Proprio l’accordo della comunità su dati, definizioni e quelle «verità» che il metodo scientifico consente, è stato durante le fasi acute della pandemia uno dei punti più deboli della presenza, e talvolta della sovraesposizione, degli scienziati nei media e in dialogo con altri settori della società, in particolare quelli che negavano [8]

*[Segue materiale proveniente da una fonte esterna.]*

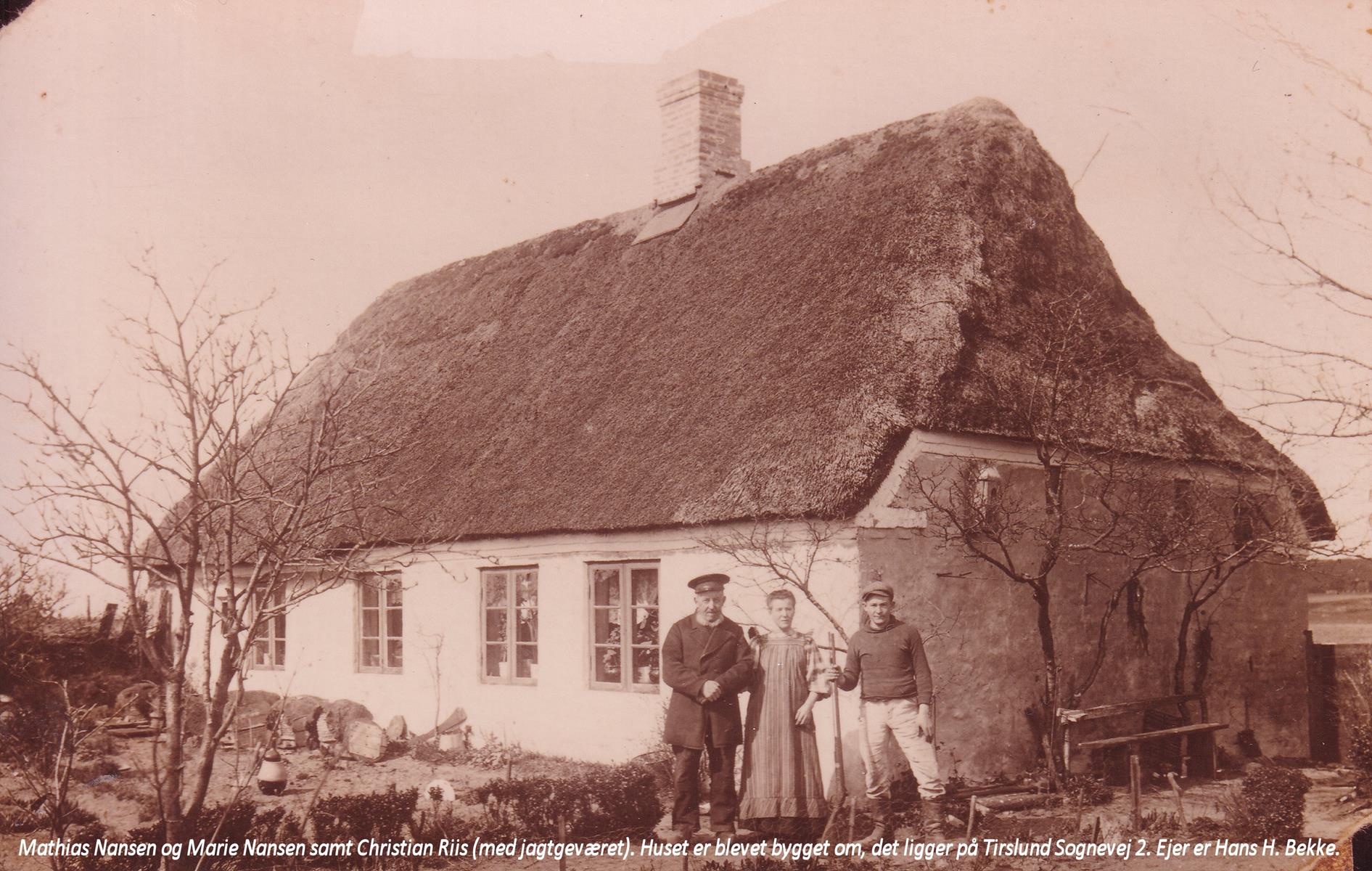 Billede 10 Tirslund Sognevej 2. Mathias og Marie Nansen samt Christian Riis (med jagtgeværet)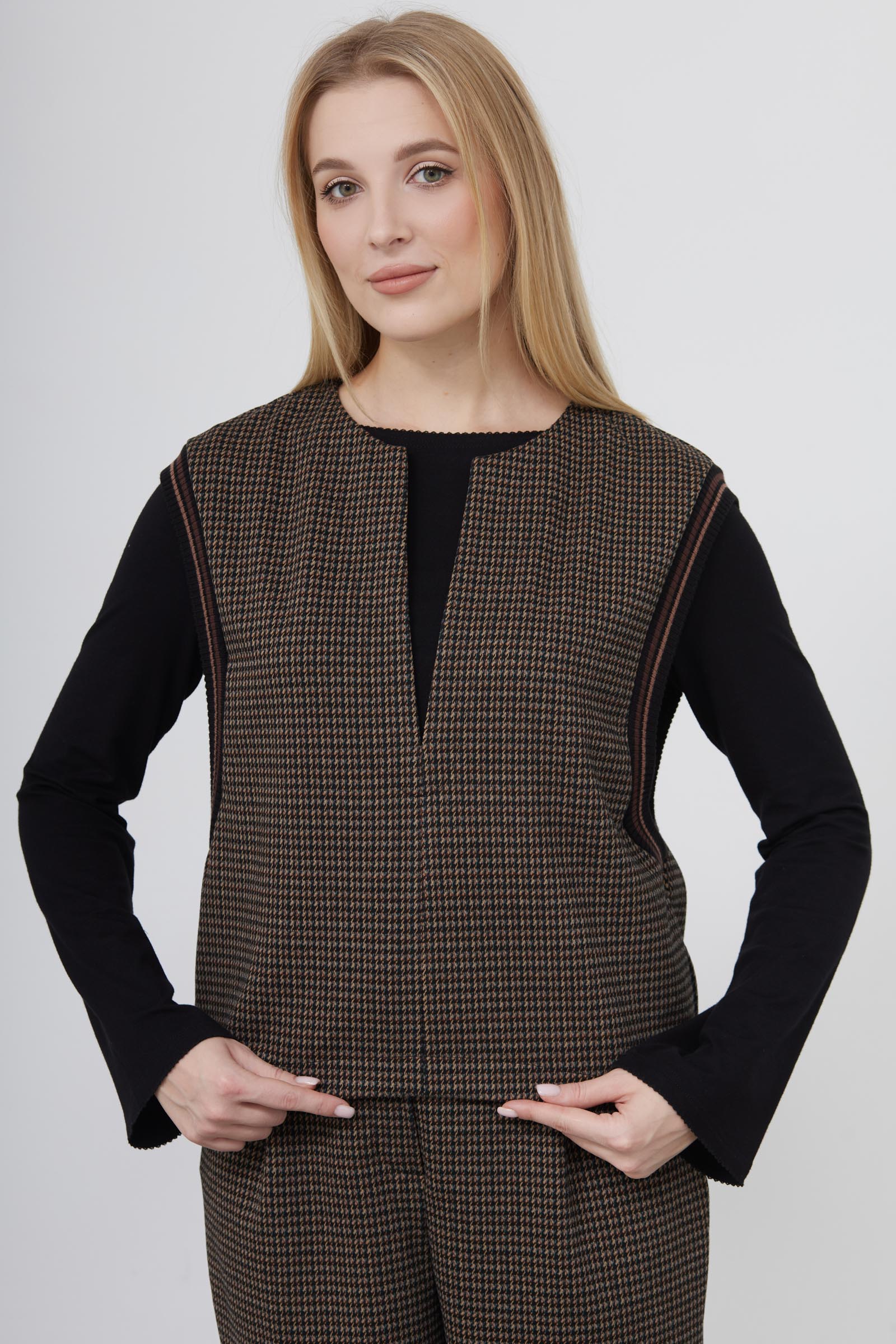Жилет oversize из мягкой фланелевой ткани с контрастным рисунком и широкими проймами.

, per i più {p. 97}svariati motivi, il fatto scientifico. La descrizione dei fatti è così crucialmente vicina alla prescrizione di una politica, al punto che sono stati proprio gli stessi fatti a essere messi in dubbio. A questa strategia lo scienziato comunicatore non è stato pronto a sottrarsi. La strategia che ha messo in crisi una comunicazione non solida e istituzionale, molto usata in occasione di questa pandemia (ma anche in altri campi, dal cambiamento climatico alle biotecnologie), è stata di fare come se le prove non fossero definitive o come se la comunità scientifica fosse frammentata e in disaccordo dinanzi a esse, e neanche i comunicati di autorità garanti come l’Ema o l’Aifa sono riusciti a equilibrare il dibattito agli occhi dell’opinione pubblica [Latour 2020]. L’assenza di alcune certezze scientifiche è stata costruita e strutturata ad hoc per diventare l’argomentazione principale nello scontro tra scienziati e altri esponenti della società nello scontro che ha accompagnato il tempo della pandemia aumentando paure e incertezze di grandi fette della cittadinanza, inducendola a credere che le questioni scientifiche non fossero risolte, e foraggiando l’espandersi della relativa infodemia. L’utilizzo della posizione epistemologica per distruggere l’autorità della risposta scientifica rispetto a un problema che riguardava l’intera società ha minato anche la reputazione degli scienziati al di sopra delle parti, mostrandoli come schierati, militanti, in difesa di posizioni personali se non addirittura di lobby di potere e affiliati a grandi gruppi economici. Il principio di autorità sommato al ribaltamento dell’epistemologia ordinaria ha sgretolato la credibilità della comunità scientifica mostrandola come la giustapposizione di singole unità indipendenti, rendendo di fatto lo scienziato isolato e spogliandolo dalla protezione che offre solo la compattezza di appartenere a una comunità solida con un metodo in grado di essere esso stesso l’antidoto agli errori che inevitabilmente il percorso di ricerca incontra. La scienza e le sue conseguenze nascono collettivamente all’interno della comunità scientifica che le convalida, fino a prova contraria. Il singolo scienziato non necessariamente ha il quadro corretto e completo dello stato dell’arte di una data situazione, ed è estremamente probabile che nessuno
{p. 98}scienziato sia concorde con la comunità scientifica su ogni possibile argomento. La migliore approssimazione che si ha su un tema scientifico è proprio quello su cui in media la comunità concorda. Questa frammentazione ha, tra l’altro, lasciato spazio alle possibili vanità, emozioni e tentazioni di protagonismo che i meccanismi dei social media e dell’attuale struttura dei talk show generalisti inevitabilmente innescano.
Note
[8] A titolo di esempio, oltre a pareri più o meno autorevoli, voci in disaccordo, negazionisti di varia natura, si ricorda la «viralità» di casi come quello del «Non ce n’è Coviddi», e di come la stampa e i media hanno amplificato la loro portata facendo dibattere «Angela da Mondello» con esperti e decisori.